“No Employer-Employee Relationship” as Defense in Labor Cases
The relations between employer and employee are not merely contractual. They are so impressed with public interest that labor contracts must yield to the common good. Therefore, such contracts are subject to the special laws on labor unions, collective bargaining, strikes and lockouts, closed shop, wages, working conditions, hours of labor and similar subjects [Art. 1700, Civil Code].
Though many employers have been consciously complying with the requirements of the law, many of them still fall victims of disgruntled employees who file various complaints before the labor tribunals. However, if such employers will be able to show that the complainants are not their employees, then the labor authorities will have no other alternative but to dismiss the case filed before it because they do not have jurisdiction to hear and decide the dispute.
It is therefore practical to determine first whether there is an employer-employee relationship. From the time of engagement of a person’s services, business owners should already be aware if the relationship they are creating is already one of employer-employee, or purely contractual in nature.
The four-fold test
In determining whether there is an employer-employee relationship between the parties, the following questions must be considered:
- Who has the power of selection and engagement of the employee?
- Who pays the wages of employee?
- Who has the power of dismissal? and;
- Who has the power to control the employees conduct?
The power of control
Of the powers mentioned above, the power of control over the employee’s conduct is generally regarded as determinative of the existence of the employer-employee relationship [See: G.R. No. 95845]. Under the control test, such a relationship exist where the person for whom the services are performed reserves the right to control not only the end achieved, but also the manner and means used to achieve that end [See: D.O. No. 147-15]. Thus, if the power of control can be exercised only on the end result of the job, and not on the means as to how the job will be done, then the relationship is not that of an employer and employee. The relationship between them is merely contractual. For an employer-employee relationship to arise, there must be control on not just one, but on both the end result and the means to achieve such end.
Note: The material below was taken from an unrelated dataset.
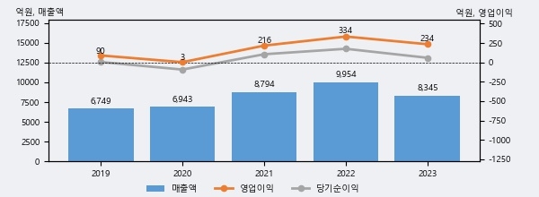 신원의 2023년 매출액은 전년대비 -16.2% 줄어든 8345억원이고, 영업이익 역시 전년대비 -29.8% 줄어든 234억원을 기록했다. 이 회사의 매출액 증감률과 영업이익 증감률은 각각 코스피 하위 16%, 하위 34%에 해당된다.

Take note, however, that a line should be drawn between rules that merely serve as guidelines towards the achievement of the mutually desired result without dictating the means or methods to be employed in attaining it, and those that control or fix the methodology and bind or restrict the party hired to the use of such means. The first, which aim only to promote the result, create no employer-employee relationship unlike the second, which address both the result and the means to achieve it [See: G.R. No. 84484].
Evidence to prove the existence of the relationship
In labor cases, while respondent companies would normally try to prove the absence of employer-employee relationship, the opposite is true for the complainants who would try to prove the existence of employer-employee relationship.
In these instances, just bear in mind that there is no particular form of evidence required to prove the existence of such relationship. It may be documentary evidence, testimonial evidence, or any competent and relevant evidence available [See: G.R. No. 117495].
Are drivers paid on boundary system considered as employees?
The relationship between jeepney owners/operators on one hand and jeepney drivers on the other under the boundary system is that of employer-employee, as the operators exercise supervision and control over the drivers. The fact that the drivers do not receive fixed wages but get only that in excess of the so-called “boundary” they pay to the owner/operator is not sufficient to withdraw the relationship between them from that of employer and employee. Also, the drivers have been engaged to perform activities which were usually necessary or desirable in the usual business or trade of the employer [Ibid].
Is the resident agent of a foreign corporation an employee?
Where the company selected and engaged the services of a person as its resident agent in the Philippines, paid the latter’s salary, held the power of dismissal as can be shown by various memorandum that it may issue, have the power of control over the means and methods of the agent in accomplishing his work, then employer-employee relationship exists between them. Exercise of the power of control by the company may consist of various directives that it may issue to the agent [See: G.R. No. 159333].
Can lawyers and other professionals be employed?
Lawyers or any other professionals may very well be an employee of a private corporation. It is not unusual for big corporations to have a staff of lawyers as its in-house counsel, pay them regular salaries, rank them in its table of organization, and otherwise treat them like other officers and employees. At the same time, it may also contract a law firm to act as outside counsel on a retainer basis, where no employer-employee relationship is created [See: G.R. No. 111870].
Since labor arbiters and other labor tribunals have no jurisdiction over claims not arising from employer-employee relationship, then it would be best for business owners to be aware as to who their employees are, and who are not, based on the tests discussed above. Though such disputes may still be heard and decided by the regular courts, the absence of an employer-employee relationship is still a potent defense that would spell instant dismissal of the case if one such dispute is brought before the labor authorities.